Княжна Анна Львовна, «хотя… и стремилась душой к гонимым и непризнанным, но ей было желательно, чтобы они были одеты прилично, имели белые перчатки и носили лакированные сапоги».
«… Я не люблю живого материала, не люблю этих вздохов, этих стонов: они стесняют у меня свободу мысли», — жалуется озлобленно-ретивый чиновник Филоверитов.
Когда они намереваются благодетельствовать народу, то из этого выходит если не новая для него повинность в их же собственную пользу, то какая-нибудь никчемная, стеснительная для «простолюдинов» затея.
Убеждение, что народ — не больше, чем глина, которую можно как угодно мять, обладает ядовитой способностью овладевать даже умами тех, кто испытывает его последствия на собственной спине.
В очерке «Дорога (Вместо эпилога)» рассказчик стал свидетелем грубой выходки своего ямщика против крестьян, едущих с обозом.
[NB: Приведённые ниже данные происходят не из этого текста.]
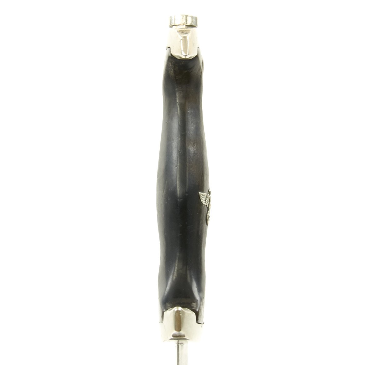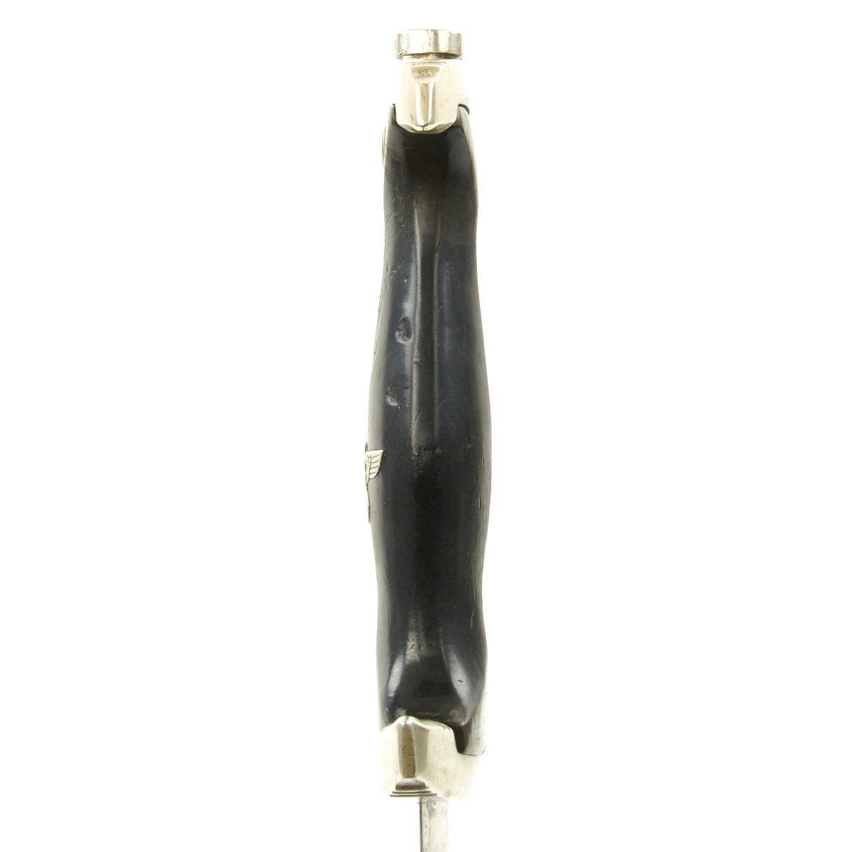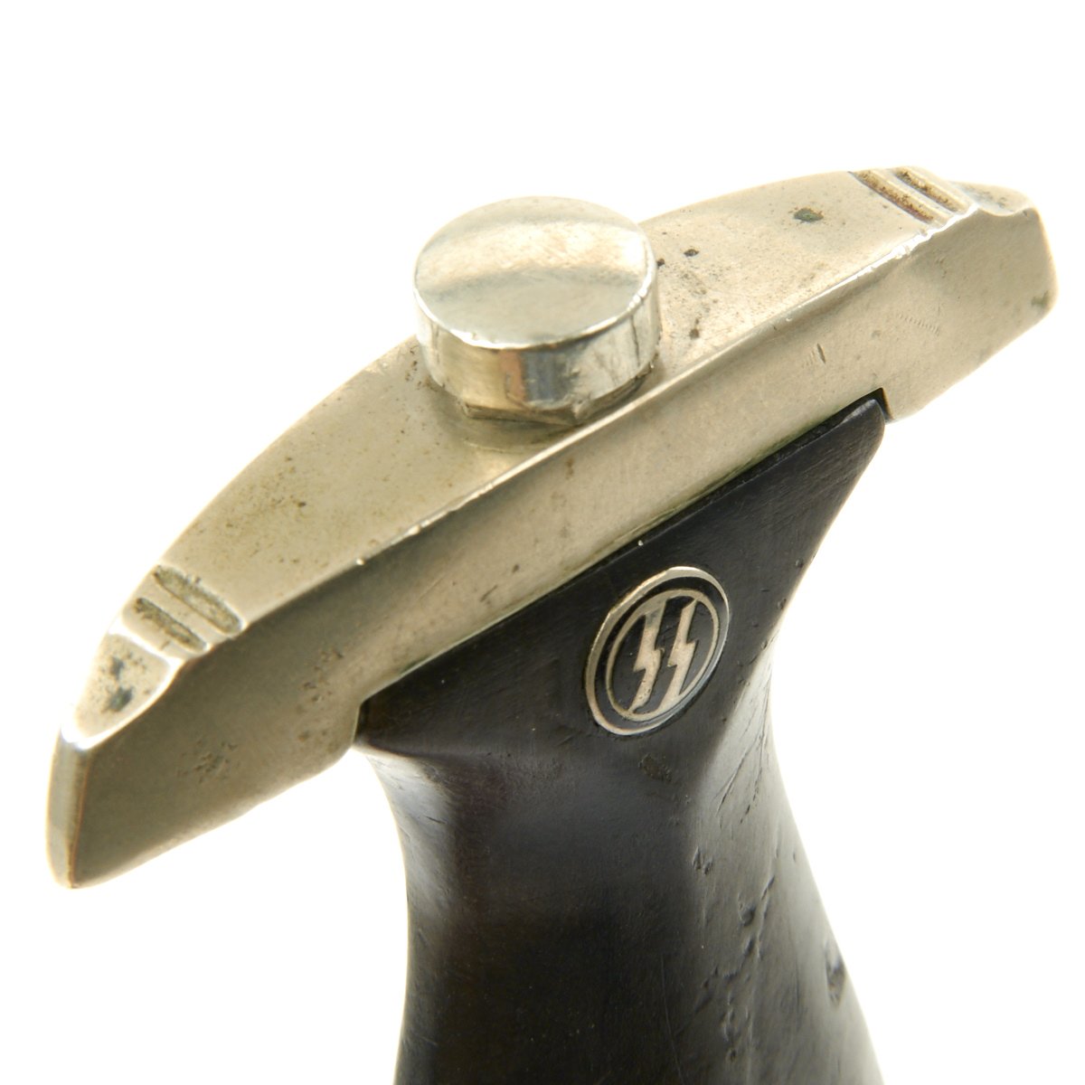 The ebony grip is a nice example showing in great shape except for a crack on the reverse near the cross guard. Early examples such as this were hand fit, which could result in cracking over time. The color is very good, and wood grain can be seen. The symbol button is positioned at about 7:00 o'clock, and the enamel surfaces are perfect. The silvered SS symbol and double circles around them have a nice matching patina with the nickel still intact, with a little verdigris. The nickel grip eagle is the "high-necked" type with the beak pointing slightly up. It remains in crisp condition, showing little wear to the bird's head, breast and wing feathering and to the talons, wreath or swas.

«— Почему же он обругал их? — спрашиваю я себя: — может быть, думает, что вот он в ямщики от начальства пожалован, так уж, стало быть, в некотором смысле чиновник, а если чиновник, то высший организм, а если высший организм, то имеет полное право отводить рукою все, что ему попадается на дороге: «ступай, дескать, mon cher, ты в канаву; ты разве не видишь, mon cher, что тут в некотором смысле элефант [6] едет…» Но скажите, однако ж, на милость, отчего мужик, простейший мужик, так легко претворяется в чиновника?»
6
Слон (франц.).
На последних страницах «Дороги» перед рассказчиком во сне проходит вереница героев книги, которые озабочены и встревожены тем, что «прошлые времена» хоронят.
Но, пожалуй, еще более точно определил сущность переживаемого времени купец Ижбурдин:
«Старые порядки к концу доходят, а новых еще мы не доспелись».
«Болезненная, праздная ирония», которая по-прежнему звучит в голосе Буеракина, когда он объявляет о похоронах «прошлых времен», может быть истолкована по-разному: может быть, от привычки иронизировать над своими неприглядными знакомыми трудно отстать, даже когда нависшая над ними угроза живо касается и самого Буеракина; а может быть, не очень верит он в действительность этих похорон, предпринятых лишь для вида, с целью поправить буеракинские обстоятельства. Ведь сами герои хоть и постарели, но живехоньки. И по-прежнему в отдалении «позади всех бредет в одиночестве бедная Аринушка, безустанно помахивая клюкою…»
Аринушке посвящен целый очерк; певучий стилизованный сказ, в котором звучит великая мечта ее дойти до Иерусалима, потом сменяется бесхитростным мужицким повествованием о мытарствах и побоях, выпавших ей на долю.
«Бедная Аринушка! Отдохнули ли твои ноженьки? Дошла ли ты до Иерусалима горнего…» — мысленно обращается автор к страннице, которая словно воплощает в себе народную надежду, поиски справедливости. И встающее перед читателем воспоминание о том, что наяву Аринушка так и умерла, не дойдя до цели, вносит в финал книги скорбную ноту.